Note that in all the simulations, the number of function evaluations (NFE) of the RGWO was 80,500, while the computation time was <10 s. Although the NFE of the RGWO is high, it can solve the problem accurately and very fast.

6 Conclusion

This paper aims to minimize total production time in a multi-pass milling process. Since the mathematical model of the multi-pass milling process is nonlinear programming, traditional techniques cannot solve the problem efficiently. Therefore, in this research a novel RGWO developed to solve the optimization problem. A robust design methodology named Taguchi method was implemented to tune the parameters of the GWO. Thus, in contradiction to previous researches, costly experiments are not required to calibrate the values of input parameters of the algorithm. The optimal values of the main parameters of the GWO guarantee the best appropriate trade-off between exploration and exploitation abilities of the algorithm. Also, an efficient constraint handling technique was utilized to handle complex operational constraints of the problem. By solving an experimental example, the effectiveness and applicability of the proposed RGWO was investigated. The performance of the RGWO was compared to the other solution methods in the literature as well as two novel meta-heuristic algorithms named dragonfly algorithm and multi-verse optimizer. The results indicated that the RGWO outperforms the other solution methods in the literature as well as novel meta-heuristic algorithms in minimizing total production time. Using the robust design methodology and efficient constraint handling approach, the RGWO was able to obtain the best feasible solution for different cutting strategies.

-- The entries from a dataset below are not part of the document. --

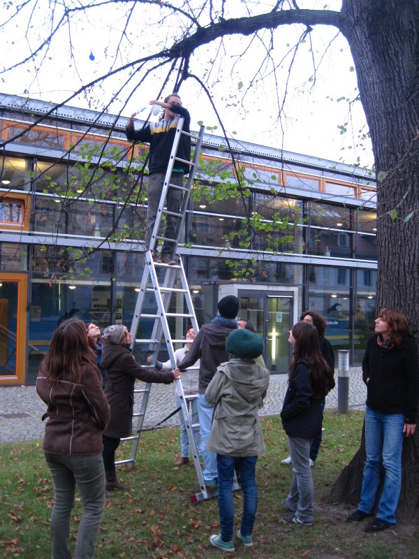 gemeinsames Abhängen von Luftballons von den Bäumen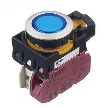 This is CW Illuminated Blue Push Button NC Momentary manufactured by Idec. The manufacturer part number is CW4L-M1E01Q4S. It also carries 10 a maximum current. A bespoke product carries 24v of maximum AC voltage. Illumination Option yes. The product is available in panel mount configuration. It is IP rated with ip65. Whereas, the minimum operating temperature of the product is -25°c. The product cw, is a highly preferred choice for users. The contact is equipped with nc configuration. It has unmarked marking on push button . It includes a push button of round shape . Pushbutton is manufactured from highly rugged and reliable plastic material. The push button has momentary actuation mechanism. The product's body is nicely designed from metal materials. This pushbutton has a flush style pushbutton and is easy to use. While it has an adorable blue colour. Whereas its cut-out diameter is 22.3mm. It has 24v maximum DC voltage. It has a maximum operating temperature of +55°c. The terminal is a screw type. In addition, the push button diameter of the product is about 28mm .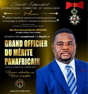 Par décision N°0029/PCC-08-2023 du 11 Aout 2023 à KIGALI, Maitre Paul Bertin Arnaud ZEHOURI, Notaire a été désigné Lauréat du Grand Prix du Mérite Panafricain 2023 dans la catégorie « Meilleures Pratiques Notariales » Cette Prestigieuse distinction Panafricaine reçue le

For future research, it is very interesting to consider some of the main parameters of the mathematical model under uncertainty and develop more realistic models. Considering different other operational constraints of the multi-pass milling process as well as multiple objectives will absolutely help the decision-maker to choose the best possible solution. Developing other efficient solution methodologies to solve the problem would be worthwhile. Using other constraint handling techniques to solve the problem is another extension of this research.